Global inflation is set to stay down and evidence of a recession is being revealed across the globe,...
Global inflation is set to stay down and evidence of a recession is being revealed across the globe, says Nigel Morgan, economic strategist at Old Mutual Asset Managers (OMAM).
Simon Rubinsohn at Gerrard, says: 'The latest inflation report by the Bank of England was remarkably gloomy in its assessment of the outlook for the economy. The fact that it now believes growth will be weaker than previously anticipated is hardly a surprise given the sentiments expressed in the statement accompanying the UK base rate cut at the beginning of the month. More significant is that, even after this lowering of expectations, is the perception that the risks to economic activity is still largely on the downside.'
Industrial production has fallen from its peak levels, which were recorded as long ago as last year in many countries, says Morgan. 'The decline in output has been sharpest in emerging economies and some smaller developed European markets, but also extends across the G-7.'
Sales volumes are under pressure causing businesses to respond in two ways, says Morgan. 'Firstly, they are cutting prices or offering other inducements to customers, which is sustaining some volume of sales but at the expense of profit margins. Earnings per share are falling around the world, leading companies to defer planned investments and hiring staff while seeking to shred inventories.
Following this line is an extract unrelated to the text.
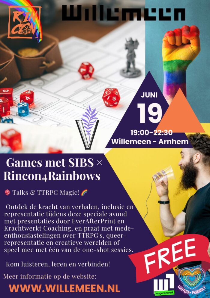Op donderdag 19 juni is Stichting Rincon4Rainbows bij de Willemeen te gast om je bij deze speciale Sibs-avond de magie van role playing games te laten ervaren. In dit soort spellen speel JIJ de held en beleef jij, samen met andere spelers, onder leiding van een spelleider een avontuur waarin jouw groep (en de dobbelstenen) beslissingen maken die het verhaal sturen.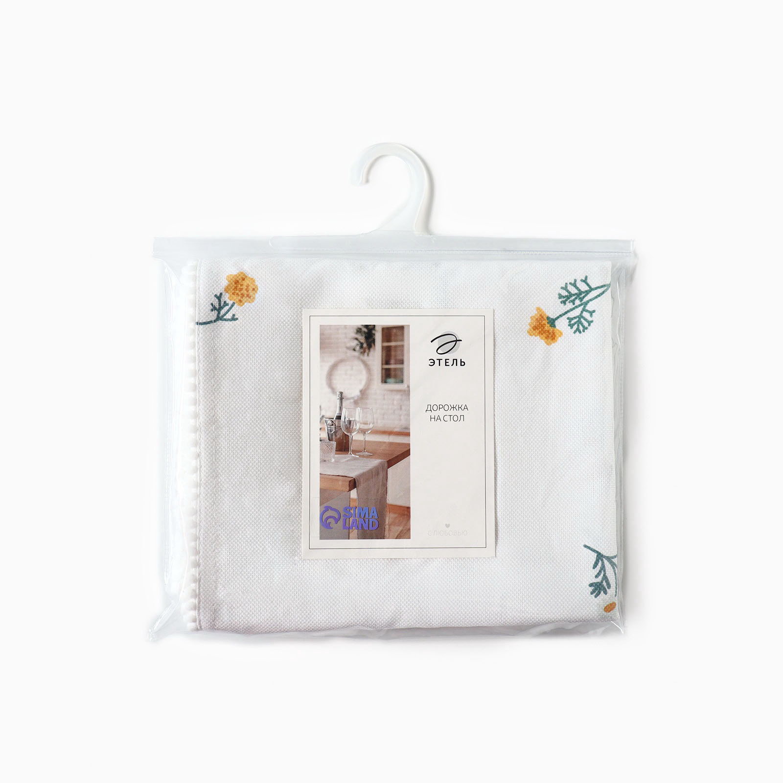 Дорожка на стол "Полевые цветочки" 40x146см, рогожка 176 г/?2, 100% хлопок, белая, Этель, Россия

There is a downward momentum as businesses successively cut back spending, followed by individuals as their employment prospects deteriorate.'
Secondly, businesses are seeking to transmit the downward pressure on their prices to costs. He adds: 'Technical developments like the internet help accelerate the process, but it is the competitive drive that commits businesses to seek the best value for money. Wholesale price inflation has almost disappeared while the prices of raw materials and other internationally traded goods have fallen heavily over the past year.
'Domestically, the focus is on curbing labour costs and the US has succeeded in keeping labour productivity growing even though output is falling. With input costs falling and labour costs well contained, inflation can be expected to continue to fall sharply while demand remains weak. The synchronised global cycle of demand is likely to take some months to reverse its downward momentum, so inflation is very likely to keep falling over the balance of the year. With central bankers tracking inflation targets, it is similarly likely that interest rates will be reduced.'
Experience of the past economic cycles suggests inflation is likely to be even lower in the first year of the cyclical recovery than in the depth of the recession, says Morgan. Historically, inflation continued to fall in this way as the US economy recovered in 1976, in 1983 and again in 1991, he adds.
Morgan says: 'This implies that both cost and price inflation are likely to fall further in 2002, with unemployment rising even as demand recovers to take up some of the spare capacity. Policy-makers will be able to keep interest rates low for much of the next year. Investors have yet to adjust to a world of sustained low inflation and as they do so both bond and equity prices are likely to rise.'
• Sales volumes sustained.
• Labour productivity growing.
• Businesses tackling pricing pressure.